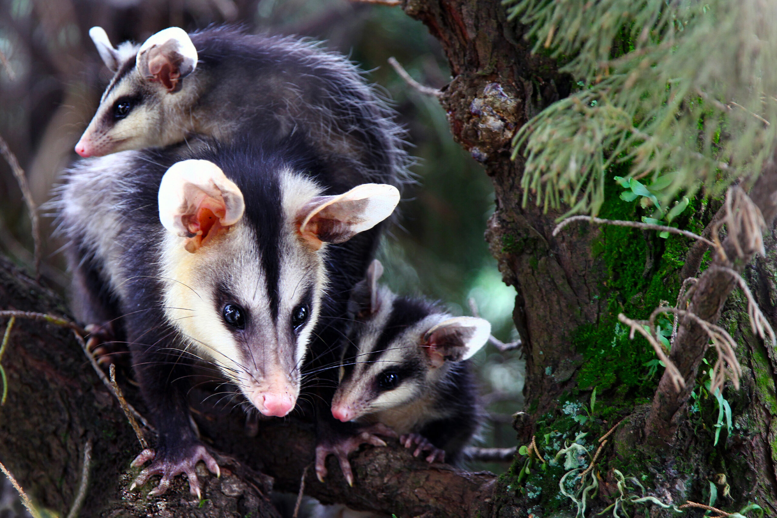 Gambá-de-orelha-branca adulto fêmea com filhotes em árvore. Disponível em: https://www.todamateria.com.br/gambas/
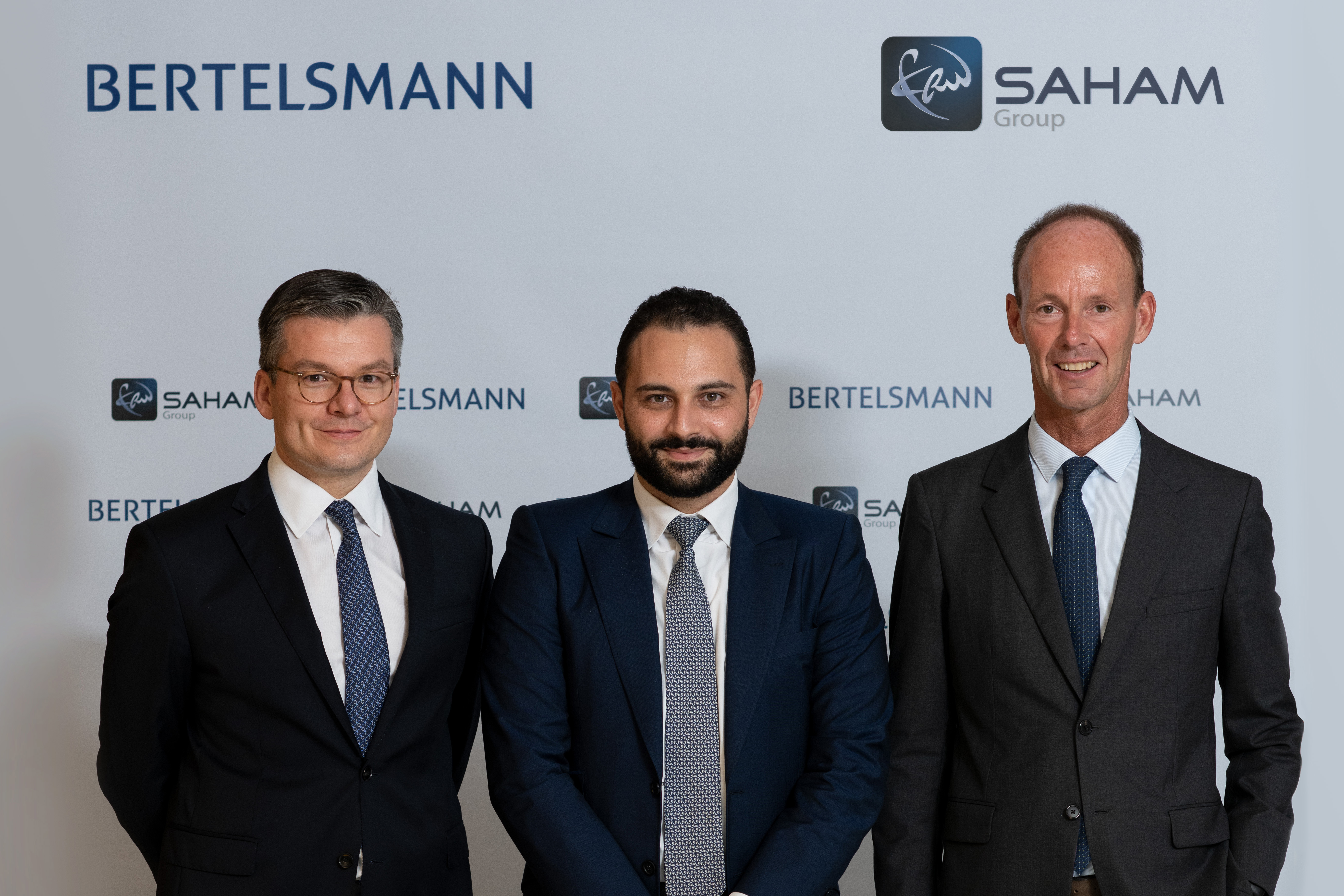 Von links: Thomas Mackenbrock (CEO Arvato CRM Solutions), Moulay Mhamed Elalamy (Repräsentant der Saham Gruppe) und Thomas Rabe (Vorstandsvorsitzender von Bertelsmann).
...
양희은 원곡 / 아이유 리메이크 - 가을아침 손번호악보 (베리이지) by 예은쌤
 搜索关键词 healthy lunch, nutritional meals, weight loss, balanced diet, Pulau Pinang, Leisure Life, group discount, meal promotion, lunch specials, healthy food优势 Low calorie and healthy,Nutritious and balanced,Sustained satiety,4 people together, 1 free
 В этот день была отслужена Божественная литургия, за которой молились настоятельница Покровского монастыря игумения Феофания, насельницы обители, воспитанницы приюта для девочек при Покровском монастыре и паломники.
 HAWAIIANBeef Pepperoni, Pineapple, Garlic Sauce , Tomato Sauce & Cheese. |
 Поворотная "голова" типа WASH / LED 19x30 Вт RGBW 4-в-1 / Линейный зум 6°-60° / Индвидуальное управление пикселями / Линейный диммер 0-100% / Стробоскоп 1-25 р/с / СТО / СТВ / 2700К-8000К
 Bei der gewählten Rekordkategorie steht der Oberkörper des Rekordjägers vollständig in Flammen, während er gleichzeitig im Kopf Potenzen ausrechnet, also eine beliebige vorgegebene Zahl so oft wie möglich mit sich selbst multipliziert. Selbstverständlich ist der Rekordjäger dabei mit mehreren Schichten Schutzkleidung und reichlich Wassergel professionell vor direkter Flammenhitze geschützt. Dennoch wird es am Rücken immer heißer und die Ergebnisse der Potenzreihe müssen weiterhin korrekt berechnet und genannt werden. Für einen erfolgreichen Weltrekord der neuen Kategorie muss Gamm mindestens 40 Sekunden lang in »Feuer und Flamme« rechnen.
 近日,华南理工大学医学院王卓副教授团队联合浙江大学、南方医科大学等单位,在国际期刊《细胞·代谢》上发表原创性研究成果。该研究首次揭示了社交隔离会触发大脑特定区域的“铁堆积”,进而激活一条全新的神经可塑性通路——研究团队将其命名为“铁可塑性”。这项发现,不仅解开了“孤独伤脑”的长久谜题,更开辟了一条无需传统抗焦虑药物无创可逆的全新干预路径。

▸ Problem:
Working from the material above, retype exactly the lines from the one with "양희은 원곡 / 아이유 리메이크 - 가을아침 손번호악보 (베리이지) by 예은쌤" through the one with "搜索关键词 healthy lunch, nutritional", both included, and only those lines.

▸ Written response:
양희은 원곡 / 아이유 리메이크 - 가을아침 손번호악보 (베리이지) by 예은쌤
 搜索关键词 healthy lunch, nutritional meals, weight loss, balanced diet, Pulau Pinang, Leisure Life, group discount, meal promotion, lunch specials, healthy food优势 Low calorie and healthy,Nutritious and balanced,Sustained satiety,4 people together, 1 free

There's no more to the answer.